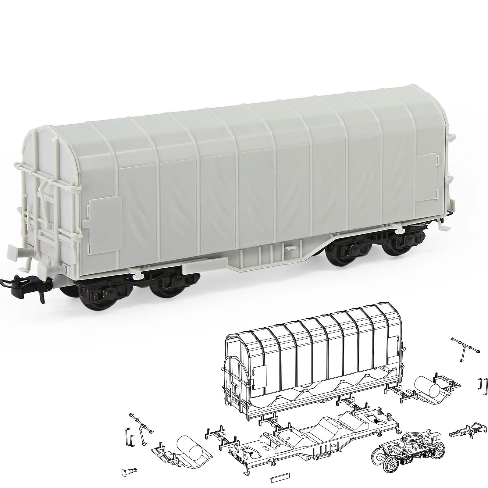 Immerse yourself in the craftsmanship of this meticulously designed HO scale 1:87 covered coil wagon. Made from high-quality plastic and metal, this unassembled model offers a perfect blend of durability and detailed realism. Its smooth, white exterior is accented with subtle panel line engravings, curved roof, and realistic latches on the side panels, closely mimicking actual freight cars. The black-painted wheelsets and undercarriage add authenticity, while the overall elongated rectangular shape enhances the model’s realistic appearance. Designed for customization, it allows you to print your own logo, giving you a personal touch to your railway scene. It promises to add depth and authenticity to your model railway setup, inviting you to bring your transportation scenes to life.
* * *
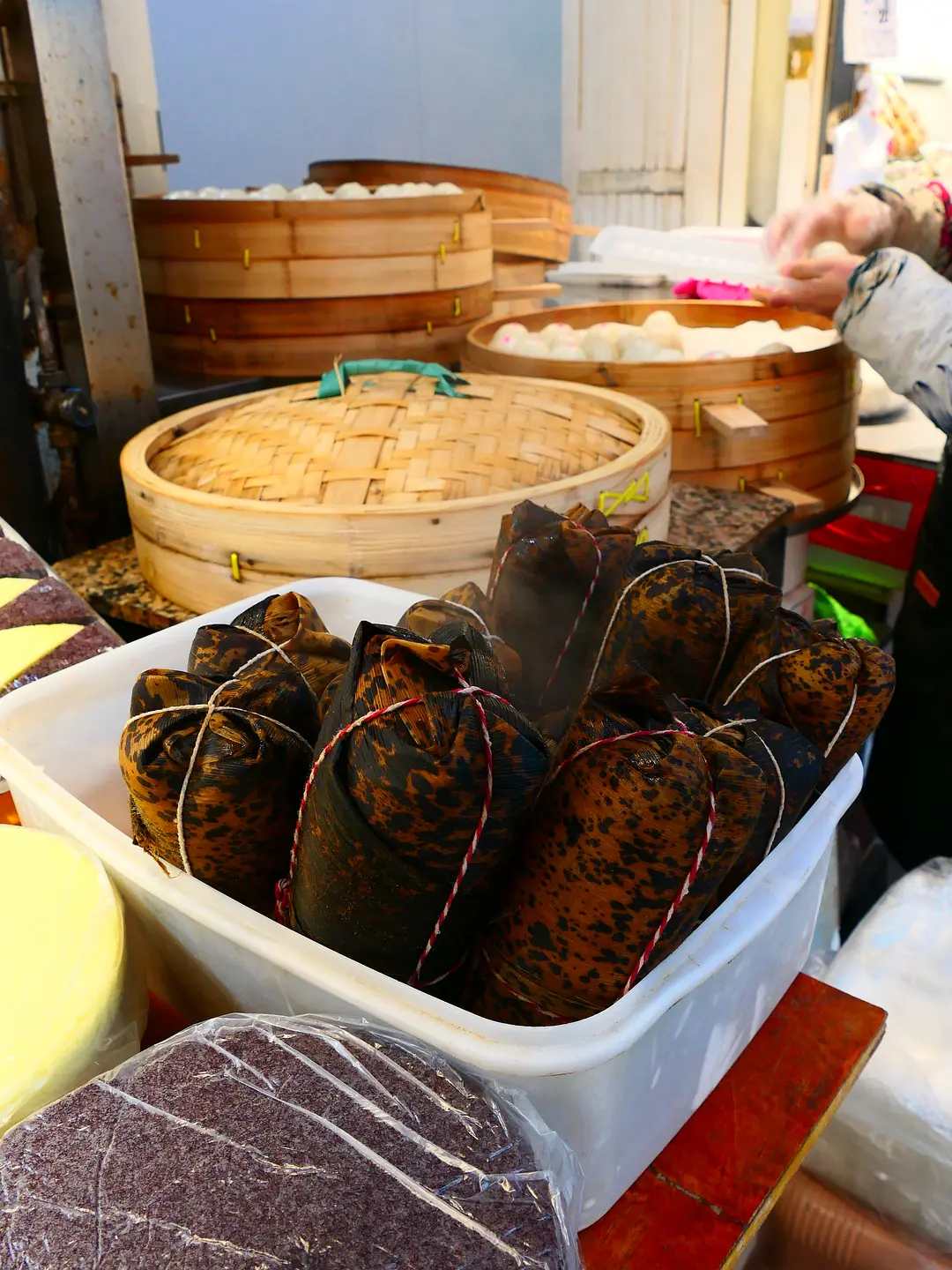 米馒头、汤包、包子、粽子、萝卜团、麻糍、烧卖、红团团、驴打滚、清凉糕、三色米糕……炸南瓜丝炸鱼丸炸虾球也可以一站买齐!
...
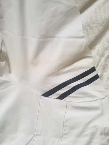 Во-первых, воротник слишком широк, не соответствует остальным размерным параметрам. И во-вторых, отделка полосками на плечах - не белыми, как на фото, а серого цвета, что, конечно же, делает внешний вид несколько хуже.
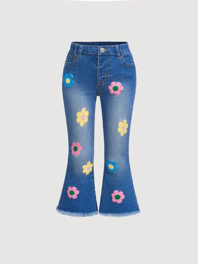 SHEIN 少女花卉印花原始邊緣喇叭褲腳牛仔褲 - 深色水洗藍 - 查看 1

= Exercise directions =
Above are some entries; copy exactly the lines from the line with "Во-первых, воротник слишком" through the line with "SHEIN 少女花卉印花原始邊緣喇叭褲腳牛仔褲 - 深色水洗藍 - 查看 1", both included, but none of the pictures.

= Output below =
 Во-первых, воротник слишком широк, не соответствует остальным размерным параметрам. И во-вторых, отделка полосками на плечах - не белыми, как на фото, а серого цвета, что, конечно же, делает внешний вид несколько хуже.
 SHEIN 少女花卉印花原始邊緣喇叭褲腳牛仔褲 - 深色水洗藍 - 查看 1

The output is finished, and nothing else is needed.